Your parents may remain in the home under a couple of scenarios

  • Deed the home to their children and reserve for themselves a life estate status allowing them to live there until they are no longer able or no longer wish to.
  • Consider a reverse mortgage. If your parents are cash poor but have paid all or most of their mortgage, a reverse mortgage is a way to borrow against the equity in their home. When considering this option you need to do your homework. Ask lots of questions and thoroughly understand the documents signed. You may want to visit for the free booklet “Home Made Money: A Consumer’s Guide to Reverse Mortgages.”

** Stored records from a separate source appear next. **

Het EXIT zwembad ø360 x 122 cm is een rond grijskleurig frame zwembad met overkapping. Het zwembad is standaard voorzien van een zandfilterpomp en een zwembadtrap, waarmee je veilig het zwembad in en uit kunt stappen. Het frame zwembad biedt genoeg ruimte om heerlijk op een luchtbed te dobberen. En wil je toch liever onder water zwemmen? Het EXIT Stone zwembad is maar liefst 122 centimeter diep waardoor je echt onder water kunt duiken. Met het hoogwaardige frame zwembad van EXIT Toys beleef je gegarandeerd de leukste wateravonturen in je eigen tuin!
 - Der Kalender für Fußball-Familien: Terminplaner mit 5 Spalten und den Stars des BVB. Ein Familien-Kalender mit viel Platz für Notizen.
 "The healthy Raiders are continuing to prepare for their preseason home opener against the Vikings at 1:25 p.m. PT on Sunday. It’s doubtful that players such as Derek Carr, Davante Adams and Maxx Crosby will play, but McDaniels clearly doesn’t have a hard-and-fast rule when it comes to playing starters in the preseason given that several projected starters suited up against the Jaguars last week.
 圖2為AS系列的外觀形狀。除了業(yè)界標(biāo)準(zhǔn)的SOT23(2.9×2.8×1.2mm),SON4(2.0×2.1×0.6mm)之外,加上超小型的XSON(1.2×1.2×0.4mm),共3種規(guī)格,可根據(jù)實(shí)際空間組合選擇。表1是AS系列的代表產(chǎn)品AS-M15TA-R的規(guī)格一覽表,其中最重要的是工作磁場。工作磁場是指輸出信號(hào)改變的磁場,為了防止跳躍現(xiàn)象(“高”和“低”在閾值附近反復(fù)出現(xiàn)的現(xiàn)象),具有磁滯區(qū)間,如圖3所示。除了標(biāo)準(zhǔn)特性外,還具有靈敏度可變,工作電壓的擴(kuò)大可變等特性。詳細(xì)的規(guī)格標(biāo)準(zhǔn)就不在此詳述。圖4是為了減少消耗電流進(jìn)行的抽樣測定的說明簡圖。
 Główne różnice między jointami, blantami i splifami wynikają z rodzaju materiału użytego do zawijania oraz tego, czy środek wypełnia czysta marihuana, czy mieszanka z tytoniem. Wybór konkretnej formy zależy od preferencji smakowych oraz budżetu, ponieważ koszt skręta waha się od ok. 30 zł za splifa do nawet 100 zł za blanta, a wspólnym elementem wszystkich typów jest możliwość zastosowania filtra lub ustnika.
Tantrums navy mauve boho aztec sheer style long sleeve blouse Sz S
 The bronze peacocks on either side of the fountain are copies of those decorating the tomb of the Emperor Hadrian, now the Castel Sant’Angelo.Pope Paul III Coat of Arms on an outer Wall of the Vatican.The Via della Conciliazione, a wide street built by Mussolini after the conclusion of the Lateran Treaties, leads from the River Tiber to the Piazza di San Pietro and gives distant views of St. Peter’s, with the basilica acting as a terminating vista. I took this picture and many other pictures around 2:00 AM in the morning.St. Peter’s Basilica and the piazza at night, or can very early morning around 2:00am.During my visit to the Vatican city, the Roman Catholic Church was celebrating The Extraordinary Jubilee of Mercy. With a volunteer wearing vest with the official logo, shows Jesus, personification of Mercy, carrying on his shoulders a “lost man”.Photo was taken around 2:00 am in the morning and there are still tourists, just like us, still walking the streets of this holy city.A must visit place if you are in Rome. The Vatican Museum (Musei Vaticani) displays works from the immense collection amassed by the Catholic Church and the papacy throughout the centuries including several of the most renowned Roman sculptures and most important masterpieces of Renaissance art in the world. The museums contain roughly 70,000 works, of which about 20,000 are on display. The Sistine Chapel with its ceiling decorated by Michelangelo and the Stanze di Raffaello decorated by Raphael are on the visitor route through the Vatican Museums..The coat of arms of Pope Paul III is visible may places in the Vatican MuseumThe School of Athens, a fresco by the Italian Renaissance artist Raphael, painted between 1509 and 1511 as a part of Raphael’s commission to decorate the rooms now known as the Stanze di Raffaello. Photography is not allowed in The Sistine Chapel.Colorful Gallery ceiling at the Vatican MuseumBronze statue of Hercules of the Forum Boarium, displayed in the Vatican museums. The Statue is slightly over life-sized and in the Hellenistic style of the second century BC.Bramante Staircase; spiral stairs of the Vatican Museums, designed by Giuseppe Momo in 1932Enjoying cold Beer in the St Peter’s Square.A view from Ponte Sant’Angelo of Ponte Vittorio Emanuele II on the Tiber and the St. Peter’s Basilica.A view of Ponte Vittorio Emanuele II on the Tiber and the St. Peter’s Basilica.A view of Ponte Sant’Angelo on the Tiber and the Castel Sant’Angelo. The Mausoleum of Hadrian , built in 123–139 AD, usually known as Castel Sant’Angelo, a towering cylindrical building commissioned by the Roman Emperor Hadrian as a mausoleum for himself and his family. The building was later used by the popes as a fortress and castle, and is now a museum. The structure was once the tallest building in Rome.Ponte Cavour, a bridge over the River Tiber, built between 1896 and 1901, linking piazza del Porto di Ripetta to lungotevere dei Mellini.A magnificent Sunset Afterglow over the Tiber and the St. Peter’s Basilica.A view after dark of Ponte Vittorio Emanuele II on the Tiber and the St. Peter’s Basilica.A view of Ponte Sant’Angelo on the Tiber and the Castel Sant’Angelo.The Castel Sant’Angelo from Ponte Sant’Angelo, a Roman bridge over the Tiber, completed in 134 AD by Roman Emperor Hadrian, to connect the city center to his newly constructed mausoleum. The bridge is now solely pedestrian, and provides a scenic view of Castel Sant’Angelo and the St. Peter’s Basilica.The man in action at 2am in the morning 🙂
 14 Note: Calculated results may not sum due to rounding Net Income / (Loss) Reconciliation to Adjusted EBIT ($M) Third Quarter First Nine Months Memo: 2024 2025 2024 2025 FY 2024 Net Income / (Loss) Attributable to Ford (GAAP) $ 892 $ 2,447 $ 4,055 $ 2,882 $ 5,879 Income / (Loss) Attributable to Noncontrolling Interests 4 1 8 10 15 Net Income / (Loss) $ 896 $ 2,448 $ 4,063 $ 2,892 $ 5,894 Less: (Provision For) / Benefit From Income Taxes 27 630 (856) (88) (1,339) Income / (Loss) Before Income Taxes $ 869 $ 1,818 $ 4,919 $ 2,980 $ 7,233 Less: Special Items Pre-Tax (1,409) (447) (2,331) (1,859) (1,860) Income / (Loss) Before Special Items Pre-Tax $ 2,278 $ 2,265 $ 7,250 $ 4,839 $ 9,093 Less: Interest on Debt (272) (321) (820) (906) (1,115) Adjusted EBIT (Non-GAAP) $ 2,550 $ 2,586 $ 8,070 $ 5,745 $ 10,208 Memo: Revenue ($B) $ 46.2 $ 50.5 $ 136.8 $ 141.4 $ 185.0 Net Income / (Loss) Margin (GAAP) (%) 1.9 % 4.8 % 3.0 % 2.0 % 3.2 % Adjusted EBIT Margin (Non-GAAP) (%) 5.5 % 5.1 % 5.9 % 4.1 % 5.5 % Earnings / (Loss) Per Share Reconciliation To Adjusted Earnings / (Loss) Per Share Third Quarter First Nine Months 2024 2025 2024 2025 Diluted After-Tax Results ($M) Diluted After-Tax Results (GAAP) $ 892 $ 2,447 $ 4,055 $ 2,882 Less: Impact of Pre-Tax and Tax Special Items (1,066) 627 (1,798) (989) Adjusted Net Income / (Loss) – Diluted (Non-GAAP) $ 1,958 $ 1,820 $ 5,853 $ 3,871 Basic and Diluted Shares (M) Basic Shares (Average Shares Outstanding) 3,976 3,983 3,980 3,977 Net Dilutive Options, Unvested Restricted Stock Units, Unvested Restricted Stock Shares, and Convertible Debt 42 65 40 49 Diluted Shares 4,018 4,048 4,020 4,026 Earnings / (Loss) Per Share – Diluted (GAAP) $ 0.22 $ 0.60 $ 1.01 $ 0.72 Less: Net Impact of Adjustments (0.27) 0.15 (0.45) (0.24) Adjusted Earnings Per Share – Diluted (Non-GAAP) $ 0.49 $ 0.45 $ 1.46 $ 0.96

Whether in crisis or non-crisis mode, it may simply be time to sell the family homestead. Here are a few things to consider:

  • Selling a home requires lots of work. Preparing the home to capture the best market price requires time, energy and money. If family and friends are not available to help, hire professionals.
  • Selling an older home often requires hiring and coordinating the efforts of specialists who will handle the sale, the updating, the code compliance, and similar matters. Get references and hire people you can trust.
  • Housing markets are currently suffering from a sub-prime mortgage crisis. There are fewer buyers than houses for sale. You will need to make a decision on how quickly you need to sell your parent’s home and then price it accordingly. The faster you need to sell, the more reasonable the price will need to be. If the sale of a residence is a pivotal part of the plan, you will need to position the property as best you can, price it appropriately and temper everyone’s expectations for sale. It may take several months, not days or weeks, for the property to sell.
  • Be aware of the tax implications when making any major financial decision. Check with your attorney, accountant or visit .

We would offer one final piece of advice. We have watched many families devour each other in battles over their parent’s finances. Try to always remember whose money it is. Be kind.